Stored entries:
☆ ☆ ☆ ☆ ☆

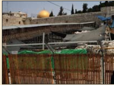
Excavations at Mughrabi Gate

The Mughrabi Gate , an Al-Haram Ash-Sharif gate facing westward, is closed to Muslims and exclusively under the control of the Israeli authorities, while all other gates of the Haram Ash-Sharif are open to Muslims and admin-
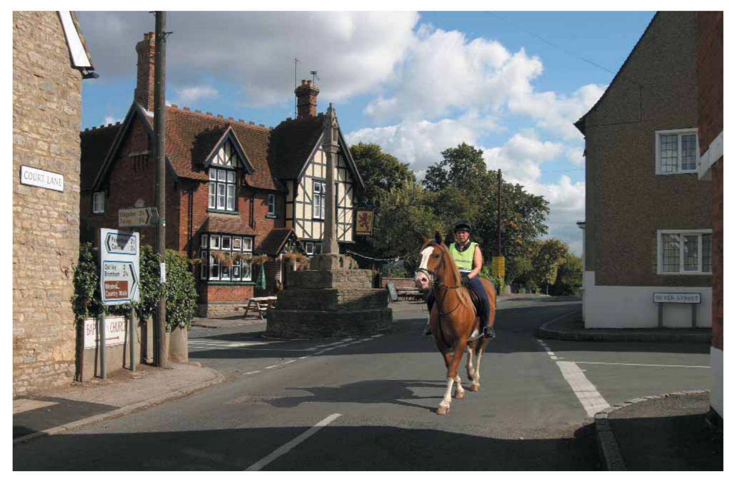
65 Not Quite Banbury
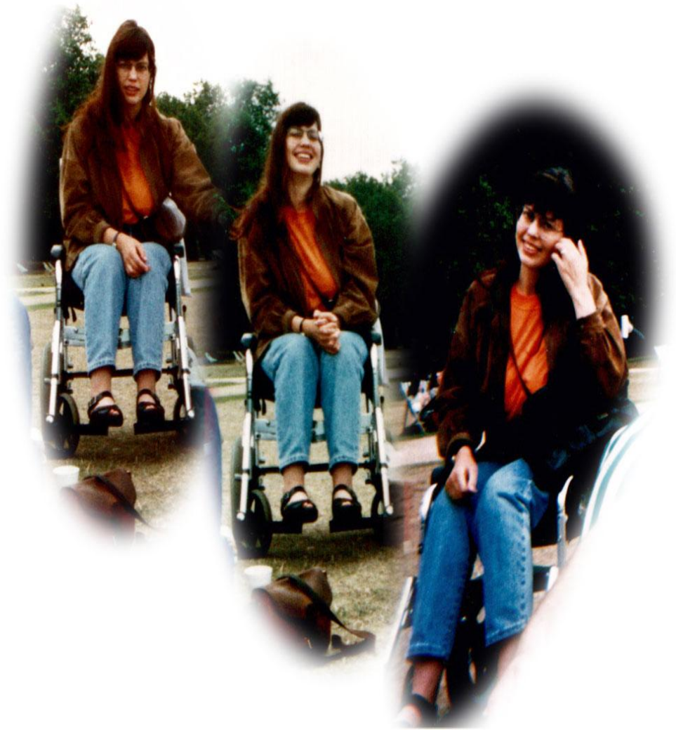
In Hyde Park, 1996
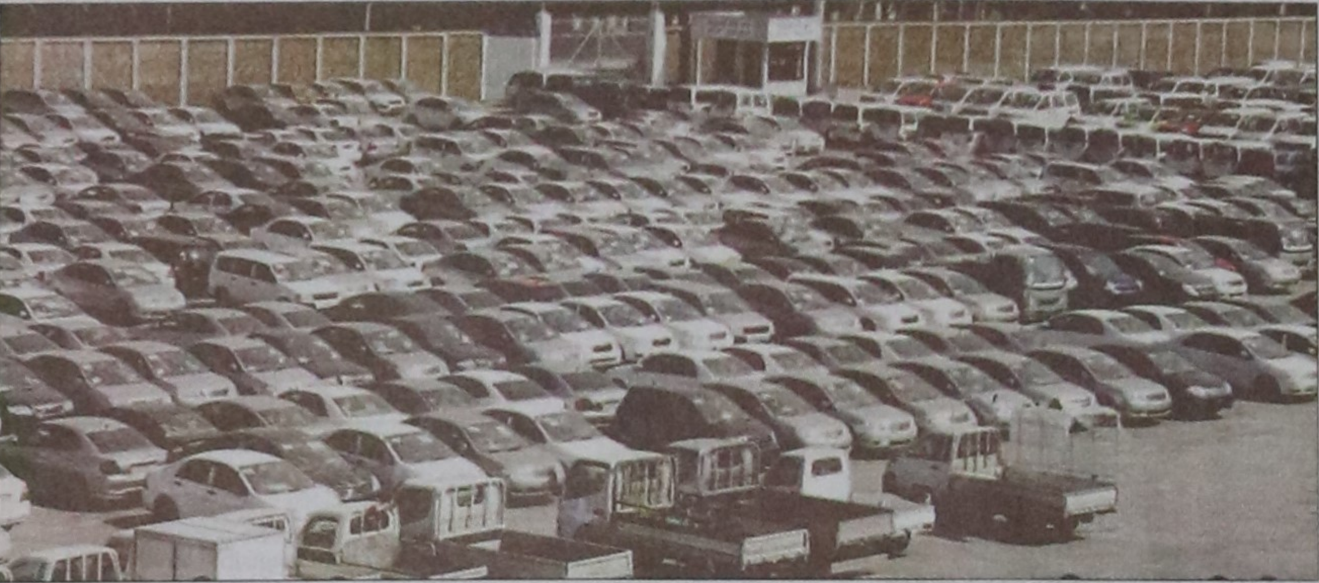
Hundreds of imported reconditioned vehicles are kept in the new container yard at Chittagong Port as the vehicle sheds are already crammed with cars.

The congestion at the port also marked a little improvement with the number of vehicles inside the port coming down to around 4,600 on Saturday last after the figure stood over 5000 over the previous weeks, sources at the CPA said.
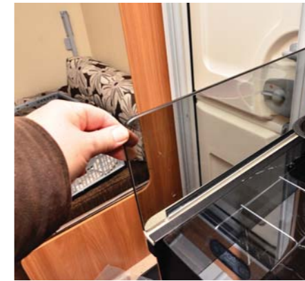
The glass hob shield kept getting knocked; it should be easy to remove when not needed.

illumination comes from a dome ceiling light and a strip light beneath the roof locker.
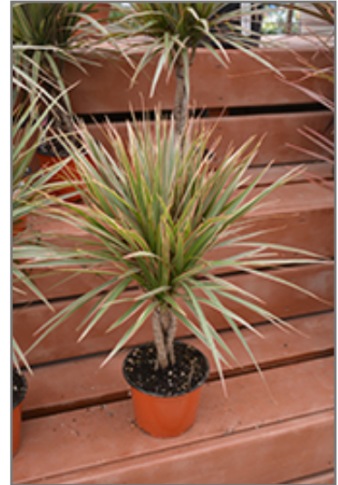
Colorama Dracaena in full

When grown indoors, Colorama Dracaena can be expected to grow to be about 3 feet tall at maturity, with a spread of 24 inches. It grows at a medium rate, and under ideal conditions can be expected to live for approximately 10 years. This houseplant performs well in both bright or indirect sunlight and strong artificial light, and can therefore be situated in almost any well-lit room or location. It does best in average to evenly moist soil, but will not tolerate standing water. The surface of the soil shouldn't be allowed to dry out completely, and so you should expect to water this plant once and possibly even twice each week. Be aware that your particular watering schedule may vary depending on its location in the room, the pot size, plant size and other conditions; if in doubt, ask one of our experts in the store for advice. It is not particular as to soil type or pH; an average potting soil should work just fine.
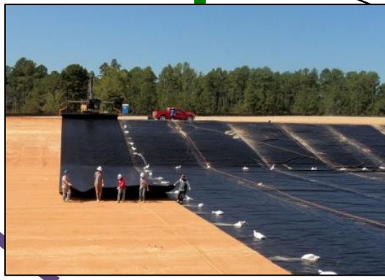
Lined Treatment Pond: Containment Area
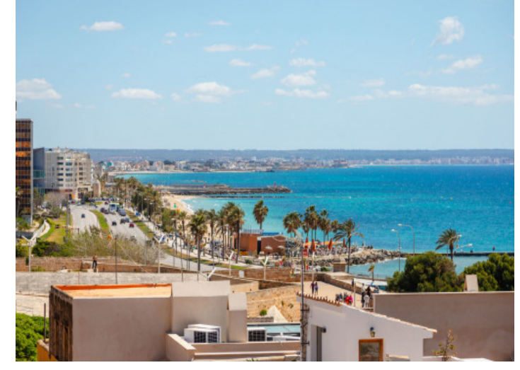
Mediterran sea views
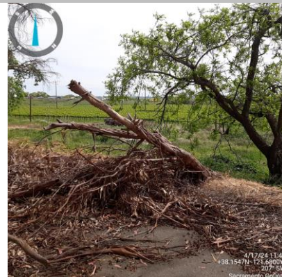
View of fallen tree limbs on the crown LS shoulder. (Spring 2024)
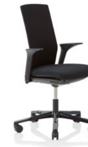
HÅG Futu 1200-S FutuKnit solid Night – FTU099

☆ ☆ ☆ ☆ ☆

■ YOUR OBJECTIVE:
Output a verbatim copy of the entries and skip the pictures.

■ REPLY:
Excavations at Mughrabi Gate

The Mughrabi Gate , an Al-Haram Ash-Sharif gate facing westward, is closed to Muslims and exclusively under the control of the Israeli authorities, while all other gates of the Haram Ash-Sharif are open to Muslims and admin-
65 Not Quite Banbury
In Hyde Park, 1996
Hundreds of imported reconditioned vehicles are kept in the new container yard at Chittagong Port as the vehicle sheds are already crammed with cars.

The congestion at the port also marked a little improvement with the number of vehicles inside the port coming down to around 4,600 on Saturday last after the figure stood over 5000 over the previous weeks, sources at the CPA said.
The glass hob shield kept getting knocked; it should be easy to remove when not needed.

illumination comes from a dome ceiling light and a strip light beneath the roof locker.
Colorama Dracaena in full

When grown indoors, Colorama Dracaena can be expected to grow to be about 3 feet tall at maturity, with a spread of 24 inches. It grows at a medium rate, and under ideal conditions can be expected to live for approximately 10 years. This houseplant performs well in both bright or indirect sunlight and strong artificial light, and can therefore be situated in almost any well-lit room or location. It does best in average to evenly moist soil, but will not tolerate standing water. The surface of the soil shouldn't be allowed to dry out completely, and so you should expect to water this plant once and possibly even twice each week. Be aware that your particular watering schedule may vary depending on its location in the room, the pot size, plant size and other conditions; if in doubt, ask one of our experts in the store for advice. It is not particular as to soil type or pH; an average potting soil should work just fine.
Lined Treatment Pond: Containment Area
Mediterran sea views
View of fallen tree limbs on the crown LS shoulder. (Spring 2024)
HÅG Futu 1200-S FutuKnit solid Night – FTU099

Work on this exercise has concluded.